Hello again dupuytren sufferers.

I had my second surgical consult with Professor Alan Thursten, who is meant to be one of the best hand surgeons in Australasia. I asked him about all the treatments I have seen on this forum and magaged to get a good half hour of conversation out of him. Here is a summary of what he said about some of the procedures listed on this forum.

1.) Colagenase treatment

He had heard a lot about this new up and coming colagenase treatment and told me not to get my hopes up too much. Here is the reason why. Colagenase enzyme treatment will be a non-specific injectable drug, meaning that is does preferentially attack one type of tissue over another. It will "eat" ( for want of a better word") all types of tissue near the injection site - not just the diseased tissue. As a result this would make this type of treatment actually more damaging than having open surgery. You are more likely to damage tendons and nurves with collegenase injections than you are with open surgery.

2.) N.A
He said N.A was a good option for those who are in the early stages of Dupeytren's contracture (and those who have access to it). He was very clearly making a point that he did not think N.A was a good option for young (<55 years old) patients who had pronounced contracture. He said the recurence rate was much higher than most types of open surgery.

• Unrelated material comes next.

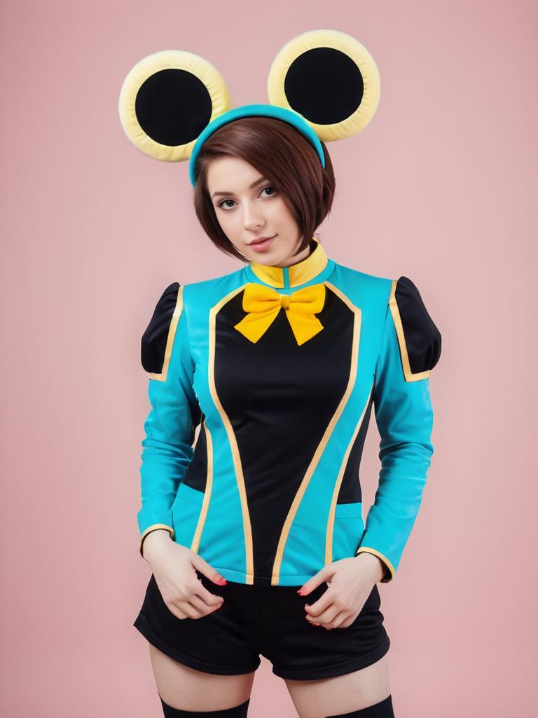 Young woman wearing a detailed Tron Bonne cosplay outfit consisting of a blue, black, and yellow bodysuit with puffed sleeves, a yellow bow tie, black shorts, and a headband featuring large circular ears. The photo is set against a solid pink background.

He stressed that it is mostly only a good idea for patients who are elderly an have higher risks associated with open surgery.

3.) Open surgery

a.) Partial fasciectomy

This was the surgery he thinks is the best option (for a first surgery) for those patient who are under the age of 55 and have relatively aggressive contractures. It has a much lower recurrence rate than N.A.

b.) "Firebreak" Skin graft technique

This was the surgery he thinks is the best option for patients who have more severe agressive contractures and are still young. He takes a graft from the groin area and applies it over the joint(s) affected by the contracture. Contractures hardly ever recur under the grafted skin and so keep the joints working properly. The only problem with the grafting technique is that the skin grafted onto the hand is not as tough as normal hand skin and is therefore prone to getted cuts and blisters. He thought it may not be a good idea if you are a manual labourer as an occupation.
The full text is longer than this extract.